Task to carry out => Your output should be the exact lines from the start of the data through the line containing "Окрестностях (окрестность), ужасно, грустно", with no pictures.
━━━━━ Data section
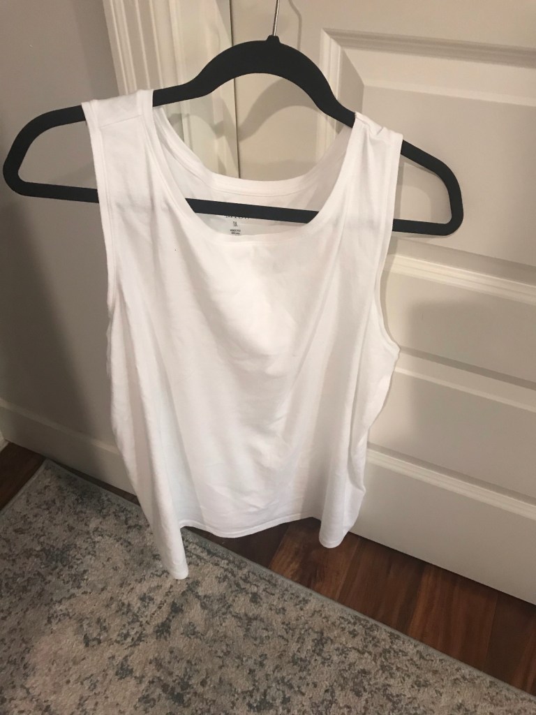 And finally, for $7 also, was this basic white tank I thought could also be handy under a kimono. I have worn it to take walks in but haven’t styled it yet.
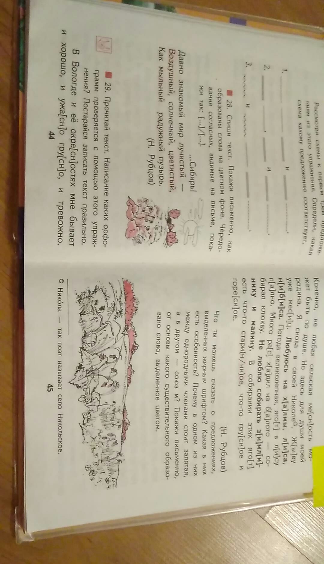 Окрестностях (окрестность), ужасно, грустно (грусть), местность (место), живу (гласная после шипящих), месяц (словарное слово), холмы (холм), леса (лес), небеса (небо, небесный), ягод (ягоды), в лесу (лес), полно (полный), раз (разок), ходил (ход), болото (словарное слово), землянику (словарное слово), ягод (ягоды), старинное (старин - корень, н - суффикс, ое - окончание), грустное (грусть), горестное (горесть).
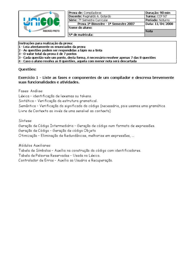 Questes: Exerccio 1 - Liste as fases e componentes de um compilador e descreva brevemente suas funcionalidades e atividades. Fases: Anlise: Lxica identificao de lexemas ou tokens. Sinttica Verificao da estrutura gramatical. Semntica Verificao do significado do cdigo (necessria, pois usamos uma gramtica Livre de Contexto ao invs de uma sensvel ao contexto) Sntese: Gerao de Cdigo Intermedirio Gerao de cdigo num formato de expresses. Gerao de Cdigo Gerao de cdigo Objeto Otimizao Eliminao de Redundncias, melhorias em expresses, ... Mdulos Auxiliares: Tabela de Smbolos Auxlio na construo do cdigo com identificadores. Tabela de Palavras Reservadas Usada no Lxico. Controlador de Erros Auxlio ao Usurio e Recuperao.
━━━━━━━━━━
Answer space =>
 And finally, for $7 also, was this basic white tank I thought could also be handy under a kimono. I have worn it to take walks in but haven’t styled it yet.
 Окрестностях (окрестность), ужасно, грустно (грусть), местность (место), живу (гласная после шипящих), месяц (словарное слово), холмы (холм), леса (лес), небеса (небо, небесный), ягод (ягоды), в лесу (лес), полно (полный), раз (разок), ходил (ход), болото (словарное слово), землянику (словарное слово), ягод (ягоды), старинное (старин - корень, н - суффикс, ое - окончание), грустное (грусть), горестное (горесть).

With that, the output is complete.